Guling Siyu: Persembahan Ribuan Babi dalam Ritual Usaba Sumbu Desa Timbrah, Karangasem

Guling Siyu adalah tradisi persembahan ribuan babi guling dalam ritual Usaba Sumbu di Desa Timbrah, Karangasem. Persembahan ini wujud rasa syukur kepada Tuhan atas hasil bumi dan kesuburan lahan. Tradisi ini mencerminkan kebersamaan warga melalui gotong-royong dan berbagi (ngejot). Selain itu, tradisi ini juga berdampak positif pada perekonomian desa. Guling Siyu menjadi simbol harmoni antara manusia, alam, dan Sang Pencipta.

Jan 27, 2025 - 08:32
Jan 4, 2025 - 22:06
Guling Siyu: Persembahan Ribuan Babi dalam Ritual Usaba Sumbu Desa Timbrah, Karangasem
Tradisi Guling Siyu (Sumber: Koleksi Pribadi)

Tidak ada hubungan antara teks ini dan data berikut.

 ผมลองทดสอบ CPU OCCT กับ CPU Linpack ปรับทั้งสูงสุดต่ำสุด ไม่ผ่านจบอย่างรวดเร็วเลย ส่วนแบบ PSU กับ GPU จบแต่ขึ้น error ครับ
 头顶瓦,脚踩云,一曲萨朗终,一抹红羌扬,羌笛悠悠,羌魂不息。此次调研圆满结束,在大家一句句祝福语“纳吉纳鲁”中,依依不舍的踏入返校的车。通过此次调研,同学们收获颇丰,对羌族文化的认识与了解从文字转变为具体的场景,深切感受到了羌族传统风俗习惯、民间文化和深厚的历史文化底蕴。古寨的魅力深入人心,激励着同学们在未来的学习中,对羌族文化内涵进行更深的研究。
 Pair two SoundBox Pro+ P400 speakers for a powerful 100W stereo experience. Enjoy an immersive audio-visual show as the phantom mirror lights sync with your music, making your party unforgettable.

Tradisi Guling Siyu menjadi salah satu elemen utama dalam perayaan Usaba Sumbu, sebuah ritual adat masyarakat Desa Timbrah, Karangasem. Guling Siyu secara harfiah berarti "seribu babi guling," sebuah persembahan khas yang telah menjadi warisan budaya dan bentuk penghormatan kepada Ida Sang Hyang Widhi Wasa (Tuhan Yang Maha Esa).

Guling dalam tradisi ini merujuk pada babi utuh yang perutnya diisi bumbu tradisional, dijahit kembali, lalu dibakar dengan cara diputar-putar di atas bara api. Kata "Siyu" yang berarti seribu melambangkan jumlah babi guling yang dipersembahkan oleh warga. Persembahan ini mencerminkan rasa syukur atas hasil bumi yang melimpah dan kesuburan lahan pertanian, khususnya padi, sebagai sumber utama kehidupan masyarakat Desa Timbrah.

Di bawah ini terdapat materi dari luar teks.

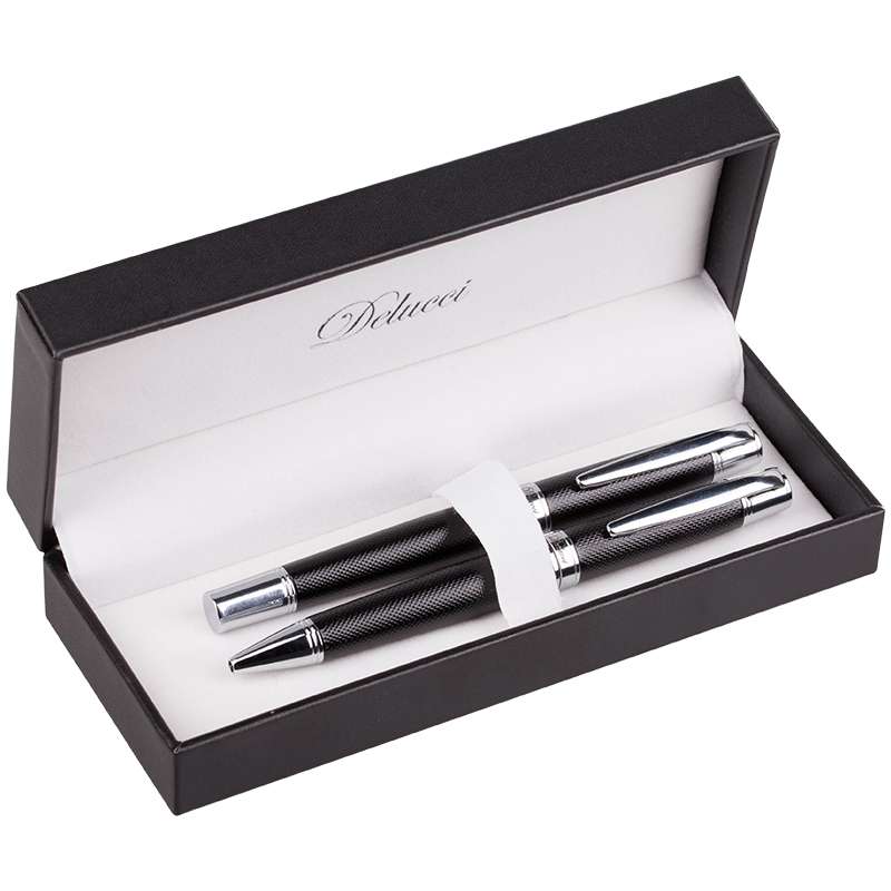 Главная / Товары / КАНЦТОВАРЫ / УПАКОВКА / ХОЗ ТОВАРЫ / РАСХОДНЫЕ МАТЕРИАЛЫ / Канцелярские товары - Офисные / Письменные и чертежные принадлежности / Подарочные письменные принадлежности / Наборы подарочных письменных принадлежностей / Набор Delucci (шариковая ручка+роллер), черные, корпус черный/хром, подар. уп.
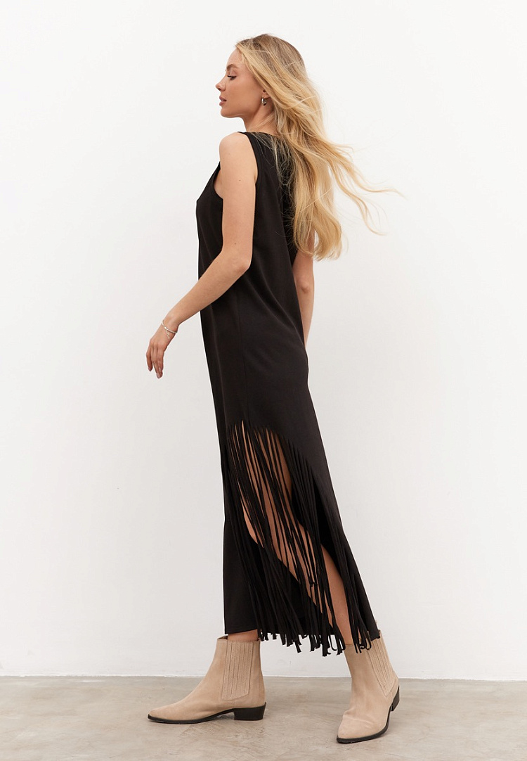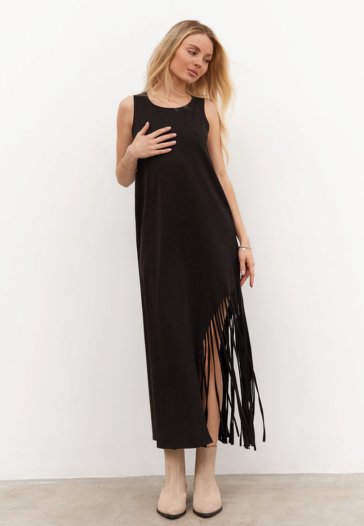 Детали: платье миди из кулирки, слегка расширенное к низу. С левой стороны бахрома фигурной формы.
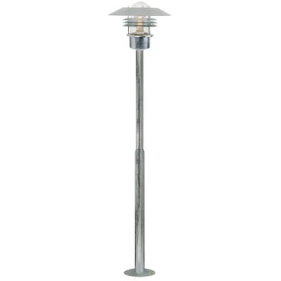 Den galvaniserede overflade gør lampen modstandsdygtig i det nordiske klima. Vi anbefaler lamper i galvaniseret stål til kystnære områder. Tilkøb eventuelt basen til nedgravning, som passer til dette produkt.
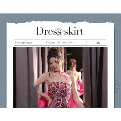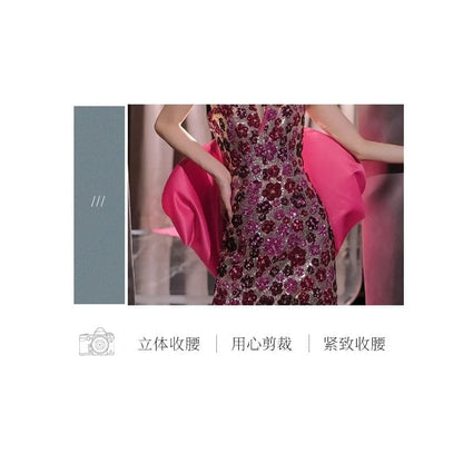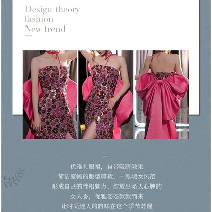Floral Sequin Bow Back Trained Slit Mermaid Tube Evening
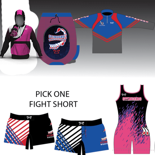 Stingers Wrestling Club Women’s Ultimate Bundle (PLEASE CHOOSE ONE FIGHT SHORT) NAMES WILL BE ON SINGLET ONLY (Copy)
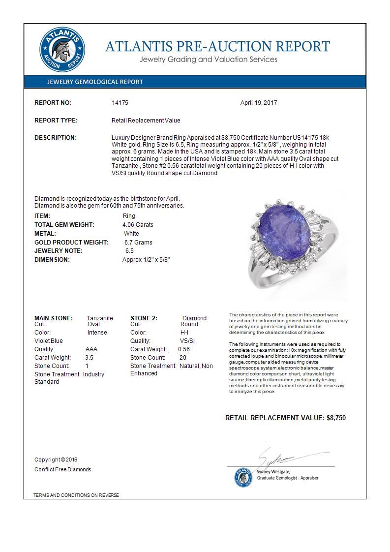 4.06 CTW Tanzanite & Diamond Ring 18K White Gold ---- Luxury Designer Brand Ring Appraised Retail Price at $8,750 ---- SKU Number US14175 18k White gold Ring Size is 6.5, Ring measuring approx. 1/2" x 5/8" , weighing in total approx. 6 grams. Made in the USA and is stamped 18k, Main stone 3.5 carat total weight containing 1 pieces of Intense Violet Blue color with AAA quality Oval shape cut Tanzanite , Stone #2 0.56 carat total weight containing 20 pieces of H-I color with VS/SI quality Round shape cut
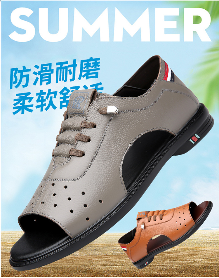 Sandals Men's Summer 2024 New Style Slip-on Roman Casual Hollow Breathable Soft Bottom Non-slip Beach Hole Shoes
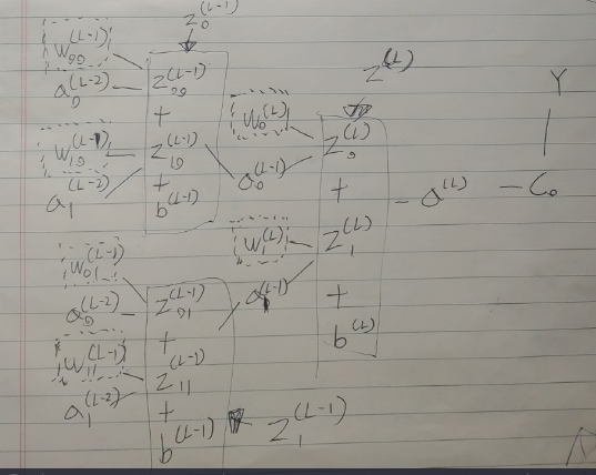 W(L-1)00의 경우 L-2 layer의 0번 노드에서 0번 노드로 이어지는 L-1 넘버의 가중치이다.

Guling Siyu (Sumber: Koleksi Pribadi)

Usaba Sumbu adalah salah satu upacara adat keagamaan yang berasal dari Kabupaten Karangasem, Bali. Tradisi ini dilaksanakan di beberapa Desa Pakraman, salah satunya Desa Timbrah, Desa Pertima, Kecamatan Karangasem. Yang membuat tradisi ini unik adalah kehadiran Tradisi Guling Siyu, sebuah ritual warisan leluhur yang telah dilestarikan secara turun-temurun oleh masyarakat setempat.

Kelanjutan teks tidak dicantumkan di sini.